The book quoted is "Zeno's Conscience," published in Italian in 1923 (Svevo was then sixty-two) and in English in 1930. Svevo was born in Austrian Trieste and his birth name was Ettore Schmitz. His father (Francesco Schmitz) was a German Jew and his mother (Allegra Moravia) was an Italian Jew.

In 1906, James Joyce made a trip to Trieste and became a tutor of English for the Schmitz family. He became a family friend and was instrumental in the publication of "Zeno's Conscience." Even after going to Switzerland and then to Paris, Joyce kept in touch with the Svevo family. The family loved Joyce's writing.
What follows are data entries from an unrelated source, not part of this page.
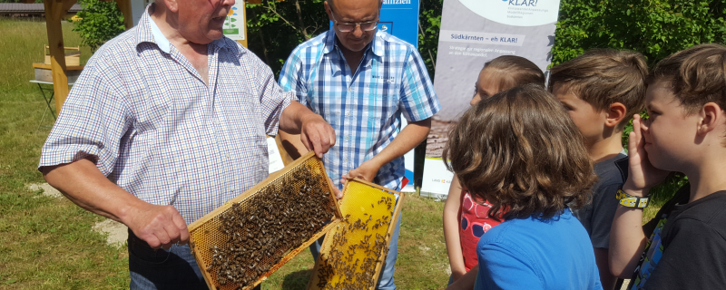 In Kooperation mit der AidA-Gemeinde Gallizien, der Volksschule, dem Imkerverein, und KLAR!-Südkärnten wurde im Schuljahr 2018/19 das Schwerpunktthema „Bienen & Imkerei“ gewählt. Höhepunkt war die Errichtung eines Lehr- & Versuchsbienenstandes auf einer Wiese, welche von der Gemeinde zur Verfügung gestellt wird um die Themen Bienenschutz & Klimawandel möglichst breit zu bearbeiten. Es bedarf engagierter MitstreiterInnen, in diesem Fall die Mitglieder des Bienenzucht-Vereines, die LehrerInnen und SchülerInnen der Volksschule, einer motivierten Gemeinde bzw. eines themenaffinen Bürgermeisters und Imker Harald Jost vom Imkerverein, der in seiner Freizeit Workshops in der Schule abhält und nebenbei für die Gestaltung und Umsetzung des Lehr- und Versuchsbienenstandes hauptverantwortlich ist.
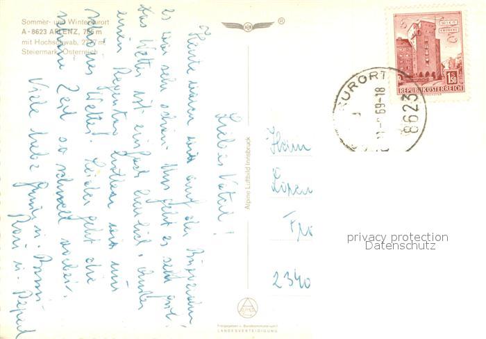 73645316 alte Postkarte Aflenz Kurort mit Hochschwab Alpenpanorama Fliegeraufnahme postalisch gelaufen Erhaltung siehe scans [FriedD77] KatCode: 11390223060201
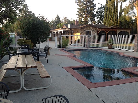 ATTENTION Agents: If you have a buyer that has a home based business this maybe the best property ever offered on the Market. Recently Reduced $250,000. Electronically Gated Estate w/Security and circular drive,Parking for numerous cars. Remodeled Gorgeous home, expanded w/Master suite.Plus Granite Counter Kitchen Built ins, bkfst area, formal Dining Rm, Family Rm w/wet bar opens to covered patio.Plus Two detached Brand new buildings, 1200 s.f. with bedroom & Bath, Vaulted Ceilings Open floor Plan Central Air & Heat. 400 s.f detached office, brand new detached 3 car garage. Beautiful fenced pool, spa & BBQ Area. Lush lawn with fruit trees. Paved parking to the back of home with dble att carport room to park 10 cars. Lots of Potential for Multi Family Living. Don't miss showing this home. Also for lease at $6450 per month.
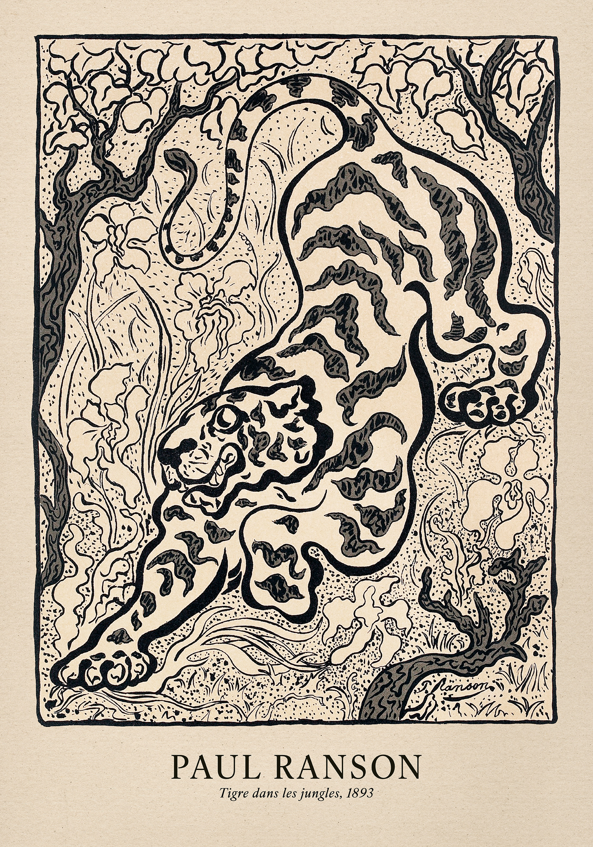 Ab 6,50 €Ein schwarz-weißes Poster eines Tigers mit markanten Streifen in einer Dschungelkulisse. Dieses Poster im Vintage-Stil zeigt dicke, geschwungene Linien und dekorative Muster.
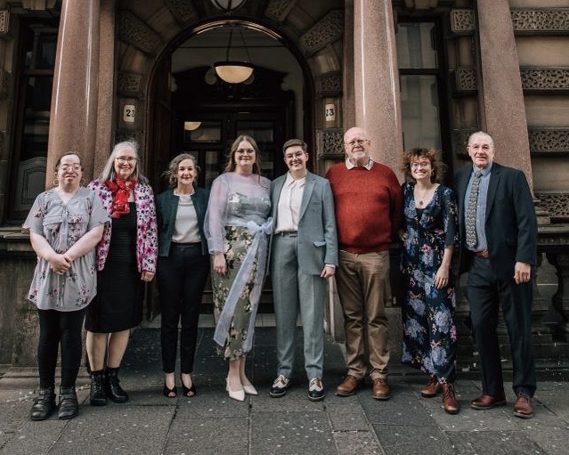 The first hour was quiet enough to hear fellow guests, and after helping Erica briefly with her hair, we enjoyed talking to Ravi and Abby, a school friend of Catherine’s) before the vegetarian food was served. We sat with a group of Edinburgh alumni, and Erica joined us for long enough to explain some of the complexities of these examples of contemporary coupledom and gender diversity.
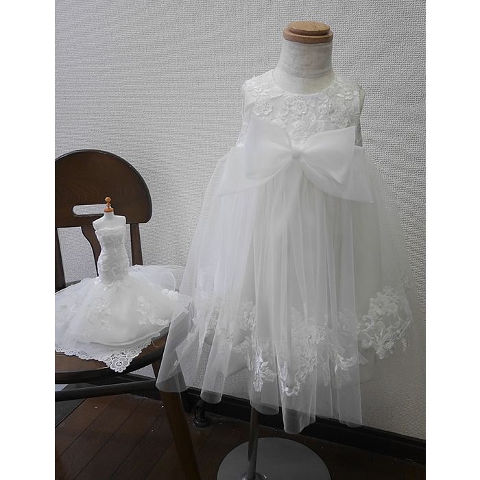 身頃等は当店が手配したサテンの上にベールのレースあしらいました。
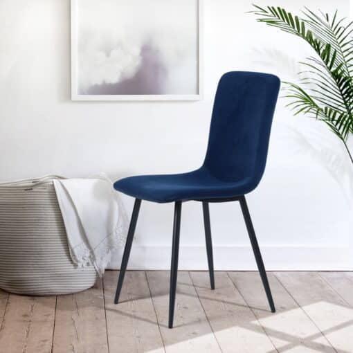 כסאות מעוצבים לפינת אוכל בבד קטיפה בצבע כחול עמוק. הכסאות מרופדים בספוג איכותי בצפיפות גבוה , רגלי הכסאות עשויות מתכת אל חלד בצבע שחור.
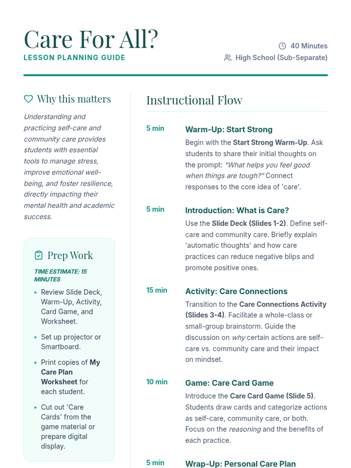 Future Planning Teacher Guide
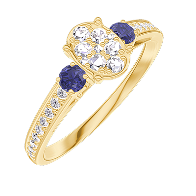 « L'ATELIER » Nº209965Bague Or jaune 18 carats - Cluster de diamants naturels Ovale équivalent 0.5 - Pierres de côté Saphir bleu - Sertissage Diamant
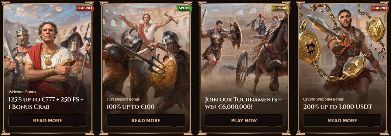 Our main casino welcome offer is 125% up to €777 plus 250 free spins and a Bonus Crab, with clear wagering rules and a 10-day completion window after activation. We also run a separate crypto welcome offer up to 3,000 USDT.
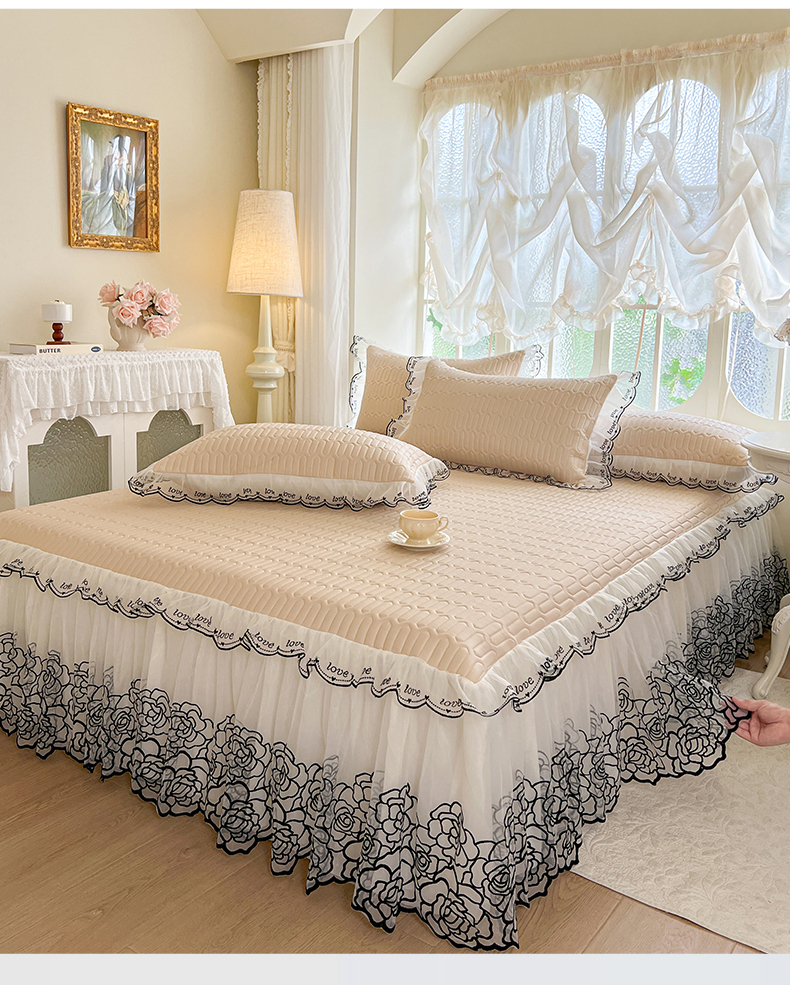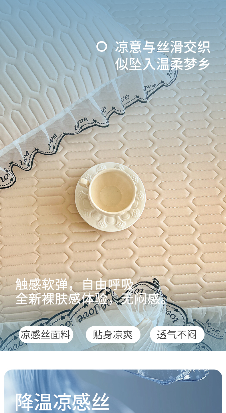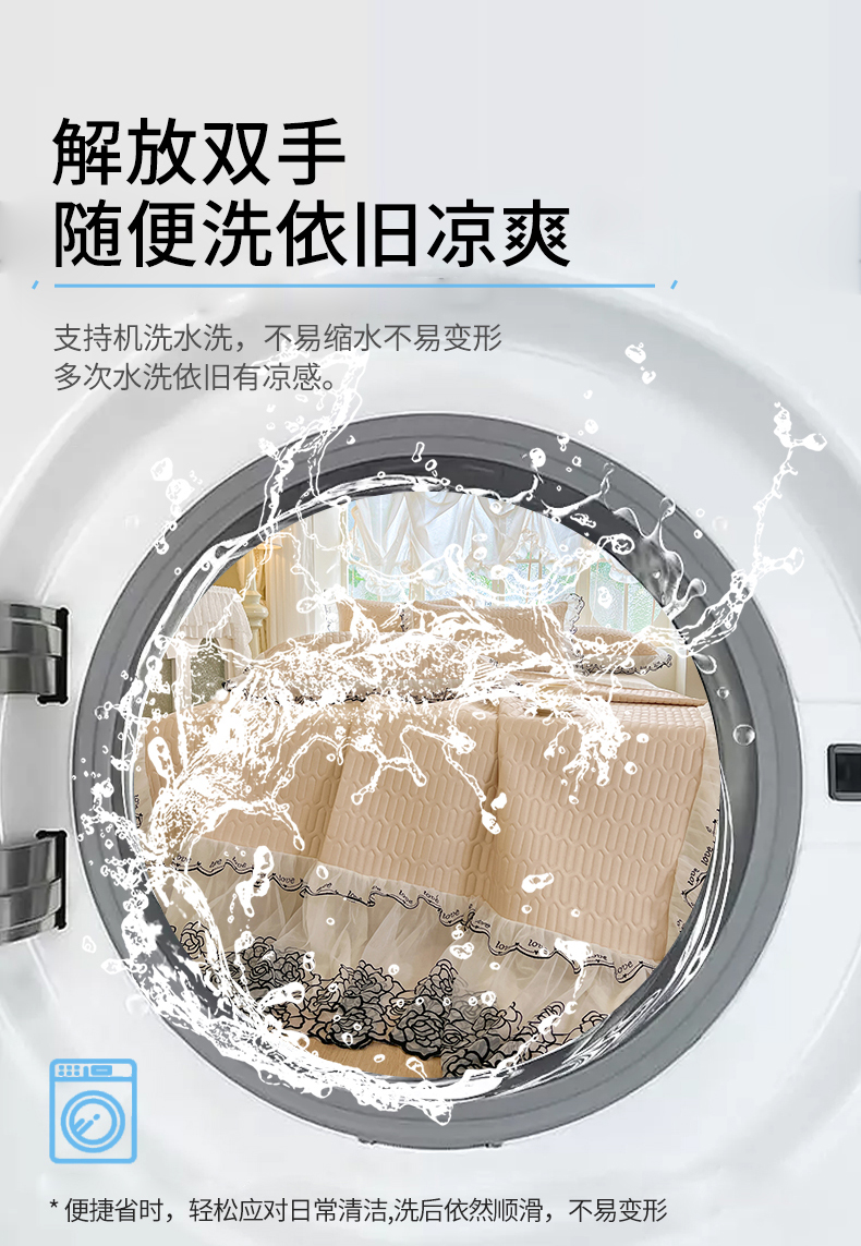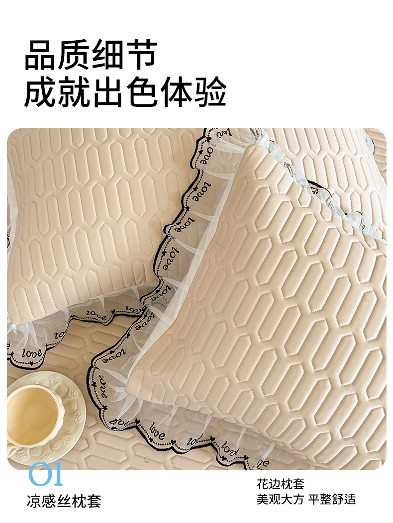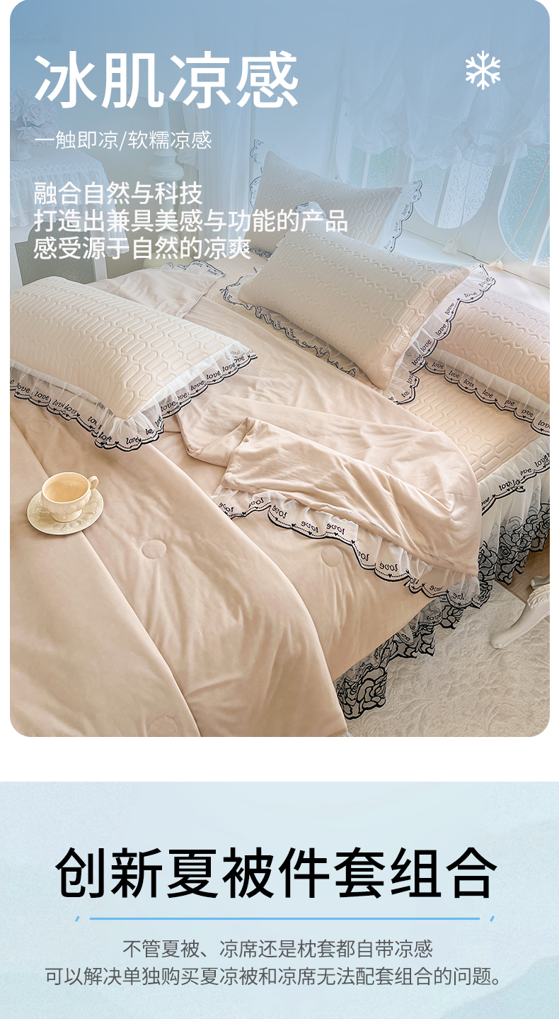 2025新款凉感丝乳胶凉席床裙款夏被四件套-爱恋 驼

Svevo changed his name, of course, and married his cousin, Livia Veneziani, a Catholic. He began keeping a diary and his alter ego was Zeno Cosini, the self-impressed, self-deluded, comic first person narrator of "Zeno's Conscience."

In August 1928, Svevo, who suffered from heart problems, went to the Italian Alps with his wife and some other family members, and on September 11th, they had a car crash and Svevo was severely injured and subsequently died.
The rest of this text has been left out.